§ **Work instructions**: Although the entries contain pictures, only their text goes into the copy, set down exactly.

§ **Provided records**:
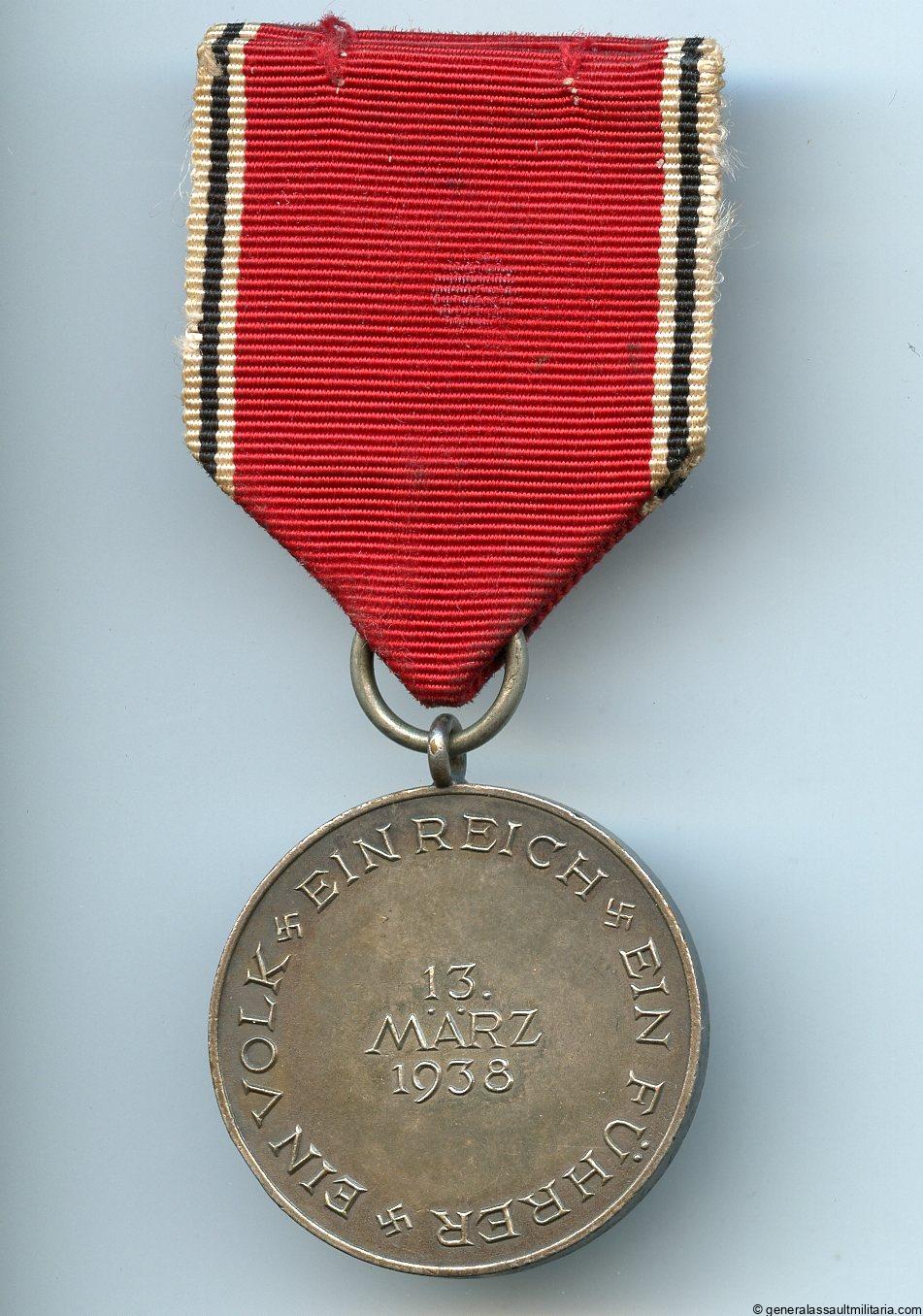 Austria annexation medal. Tombac medal with silver plated finish for the Austrian annexation in 1938. Remains in excellent condition with the ribbon and setup device.
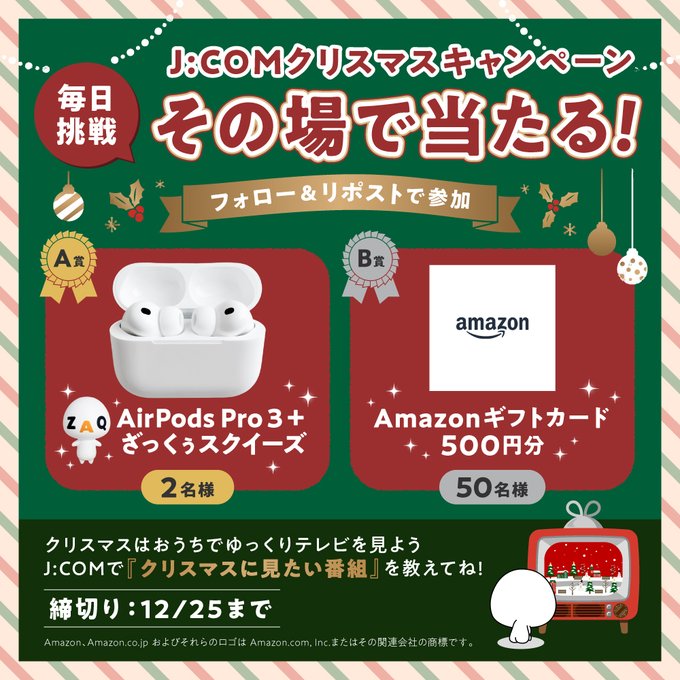 J:COM公式X(Twitter)アカウントをフォロー&キャンペーン対象ポストをリポストして、記載されているURLからご応募ください。
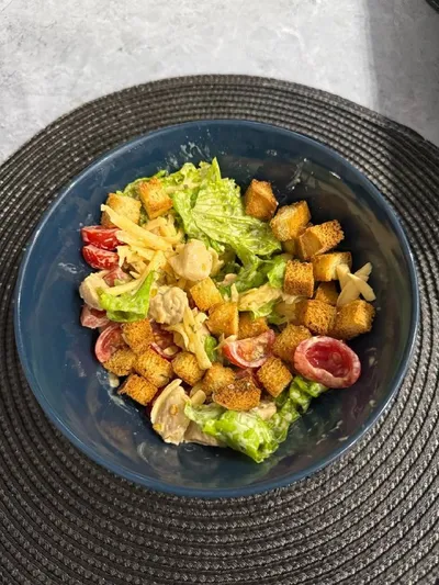 Добрый день, дорогие друзья! Всем ярких и плодотворных выходных! Супруг в отпуске, радует вкусными обедами и ужинами. Салат "Цезарь" в его исполнении. К слову супруг Дима очень хорошо готовит. Чему
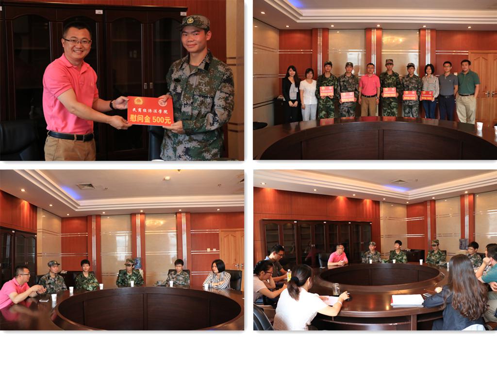 在昌平校区学生活动中心慰问2015年退役复学和应征入伍学生。学院分党委副书记兼副院长王洪松,各年级辅导员,退役复学的2009级本科生韩思琦,应征入伍的2011级本科生姜联政、王冠群、哈尔赤、张任参加本次活动。此次“迎老兵 送新兵”活动旨在表达学院全体师生对于退役复学的学生的欢迎和携笔从戎的应征入伍学生深深的祝福。
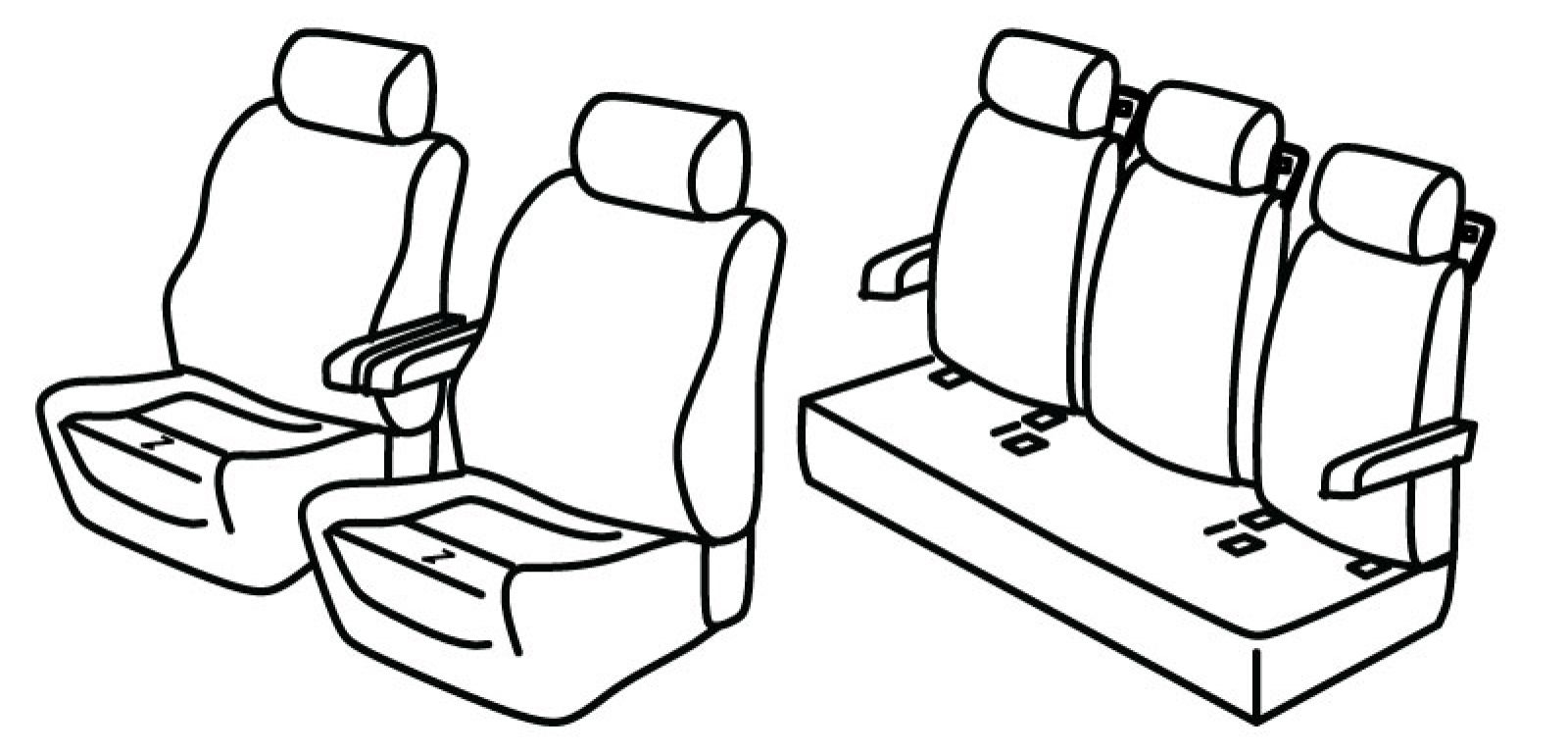 front seats ergonomic, front seats are sliding but seat cover fits only when seats are completely pulled in, 2 front armrest connected to front seats, rear bottom seat in one piece (1/1), rear upper seat foldable (1/3 + 1/3 +1/3), 3 seat belts on upper rear seats, 2 rear armrest on sides (connected to rear upper seat), isofix connected to seat cover, headrests are normal
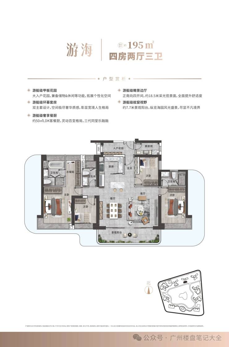 珠江海御官方售楼处发布:400-622-0051(官方售楼处已认证)。户型设计融入极致空间巧思,以奢阔尺度、高实用性为核心,兼顾居住格调与圈层需求,最大化挖掘空间价值,适配不同高端家庭的居住需求,彰显国际大师匠造的品质感。建面约110㎡三房两厅两卫,作为进阶滨海奢居优选,空间南北通透、动静分区清晰,实用性拉满,南向客厅连接约6.6米大进深景观阳台,270°巨幕观景视野,可南向俯瞰一线海景,尊崇主卧套房配置瞰景大飘窗,兼顾私密性与观景体验。建面约140㎡四房两厅两卫,正南向瞰海视野,南北通透,南向四开间大面宽设计,个性化入户花园可自由定制拓展空间,约7.2米巨幕观景阳台拥揽一线海景,奢阔主卧套房配备步入式衣帽间,兼顾实用与格调。建面约195㎡四房两厅三卫,堪称峯层之选,正南向瞰海观园,约7.7米景观阳台纵览海园风光,约50㎡LDK客餐厨空间气派灵动,正南向四开间设计,横向采光揽景面更阔绰,双主套设计,完美适配三代同堂家庭,尽显峯层格调。

§ **Exercise answer**:
 Austria annexation medal. Tombac medal with silver plated finish for the Austrian annexation in 1938. Remains in excellent condition with the ribbon and setup device.
 J:COM公式X(Twitter)アカウントをフォロー&キャンペーン対象ポストをリポストして、記載されているURLからご応募ください。
 Добрый день, дорогие друзья! Всем ярких и плодотворных выходных! Супруг в отпуске, радует вкусными обедами и ужинами. Салат "Цезарь" в его исполнении. К слову супруг Дима очень хорошо готовит. Чему
 在昌平校区学生活动中心慰问2015年退役复学和应征入伍学生。学院分党委副书记兼副院长王洪松,各年级辅导员,退役复学的2009级本科生韩思琦,应征入伍的2011级本科生姜联政、王冠群、哈尔赤、张任参加本次活动。此次“迎老兵 送新兵”活动旨在表达学院全体师生对于退役复学的学生的欢迎和携笔从戎的应征入伍学生深深的祝福。
 front seats ergonomic, front seats are sliding but seat cover fits only when seats are completely pulled in, 2 front armrest connected to front seats, rear bottom seat in one piece (1/1), rear upper seat foldable (1/3 + 1/3 +1/3), 3 seat belts on upper rear seats, 2 rear armrest on sides (connected to rear upper seat), isofix connected to seat cover, headrests are normal
 珠江海御官方售楼处发布:400-622-0051(官方售楼处已认证)。户型设计融入极致空间巧思,以奢阔尺度、高实用性为核心,兼顾居住格调与圈层需求,最大化挖掘空间价值,适配不同高端家庭的居住需求,彰显国际大师匠造的品质感。建面约110㎡三房两厅两卫,作为进阶滨海奢居优选,空间南北通透、动静分区清晰,实用性拉满,南向客厅连接约6.6米大进深景观阳台,270°巨幕观景视野,可南向俯瞰一线海景,尊崇主卧套房配置瞰景大飘窗,兼顾私密性与观景体验。建面约140㎡四房两厅两卫,正南向瞰海视野,南北通透,南向四开间大面宽设计,个性化入户花园可自由定制拓展空间,约7.2米巨幕观景阳台拥揽一线海景,奢阔主卧套房配备步入式衣帽间,兼顾实用与格调。建面约195㎡四房两厅三卫,堪称峯层之选,正南向瞰海观园,约7.7米景观阳台纵览海园风光,约50㎡LDK客餐厨空间气派灵动,正南向四开间设计,横向采光揽景面更阔绰,双主套设计,完美适配三代同堂家庭,尽显峯层格调。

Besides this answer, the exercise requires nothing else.